10 de diciembre de 2017 – Segundo Domingo de Adviento
La crisis actual y el sufrimiento de tantas personas están pidiendo a la Iglesia y a los cristianos una palabra de consuelo y unas acciones que ayuden a aliviar la penosa situación en que se encuentran tantas familias. Ambas cosas son necesarias. Ante la necesidad extrema de algunos, no cabe otra alternativa que intervenir de manera solidaria para que puedan capear el temporal. Es el momento de la solidaridad cristiana en esta época del año en el que otras veces tan sólo pensábamos en comprar y consumir para celebrar las Navidades. Este año es la hora del compartir, de renunciar a tantas cosas superfluas para que todos puedan tener lo necesario.
Es necesaria también una palabra de aliento basada no tanto en los cálculos humanos como en la esperanza cristiana. Es comprensible que para muchos la mejor noticia sería oír que la crisis ha terminado. Algo así anunciaba el profeta consolando a su pueblo (Is 40,1-5). Claro que para que la noticia fuera creíble, muchos exigirían que fuera acompañada de ofertas de trabajo, mejor no precario. Desgraciadamente, por el momento, serán pocos los que tengan esa suerte. ¿Qué nos aporta en estos momentos la esperanza cristiana? Ante todo nos dice que Dios quiere siempre nuestra felicidad y que no nos va a dejar solos en la estacada. Él nos ha ayudado a superar situaciones más difíciles en el pasado y también ahora nos sacará de la crisis. La Palabra de Dios pone ante nuestros ojos la esperanza de un mundo nuevo en el que habite la justicia (2 Pedro 3,8-14).

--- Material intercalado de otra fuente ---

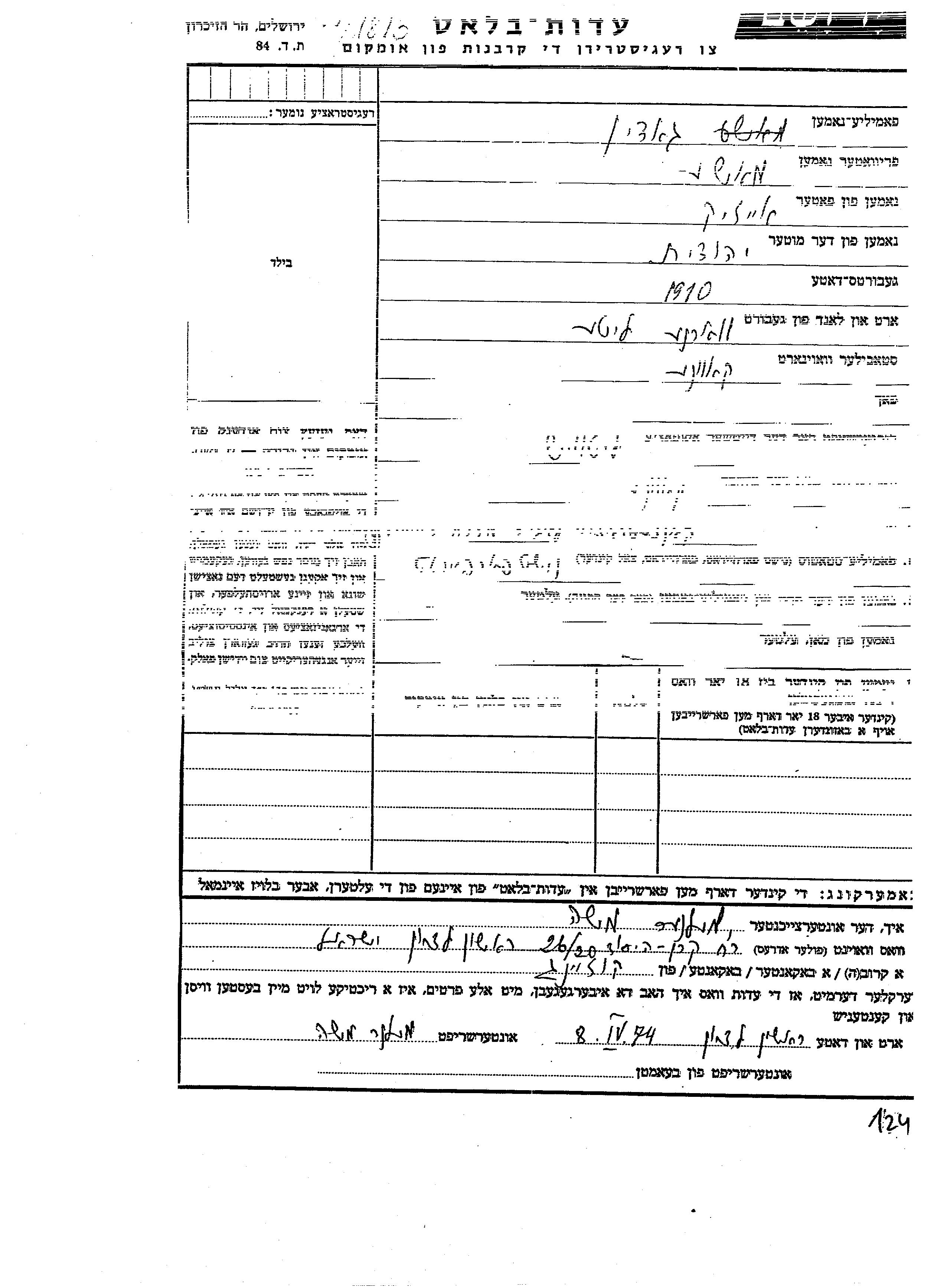Gadin Mashe 1910 Kovno, Lituanie Feuille de témoignage

Ese mundo nuevo es un regalo de Dios pero hace falta nuestra colaboración, poner en movimiento todos los recursos personales y sociales. Son necesarios sin duda pequeños gestos que muestren que se puede avanzar en ese camino hacia la tierra nueva. El profeta habla de valles que hay que levantar y montes que hay que abajar. El contraste entre la pobreza y la riqueza en nuestro mundo es cada vez más sangrante. La Palabra de Dios exige de nosotros allanar los caminos, luchar contra la injusticia y la desigualdad. Existen en nuestros caminos demasiadas curvas peligrosas que ponen en peligro nuestra vida y la de los demás; muchos baches que pueden provocar una catástrofe. De vez en cuando suena la alarma social, pero pronto nos olvidamos de las situaciones que la provocan.
¿Cómo salir de esos caminos que no llevan a ninguna parte, que tan sólo nos hacen dar vueltas en torno a nosotros mismos? Se trata de encontrar el verdadero camino, que es Jesús. Para ello hay que escuchar la voz del evangelio que resuena en desierto de nuestras conciencias aletargadas (Mc 1,1-8). Es una palabra que nos invita a la conversión, a reconocer nuestro pecado estructural y personal, y abrirnos a la acción del Espíritu de Jesús. Se trata de tomarse en serio los compromisos que formulamos en nuestro bautismo. Que la celebración de la Eucaristía, que anticipa ya esa tierra nueva de la fraternidad, renueve en nosotros la esperanza y nos lleve implicarnos seriamente a favor de la justicia y de la paz.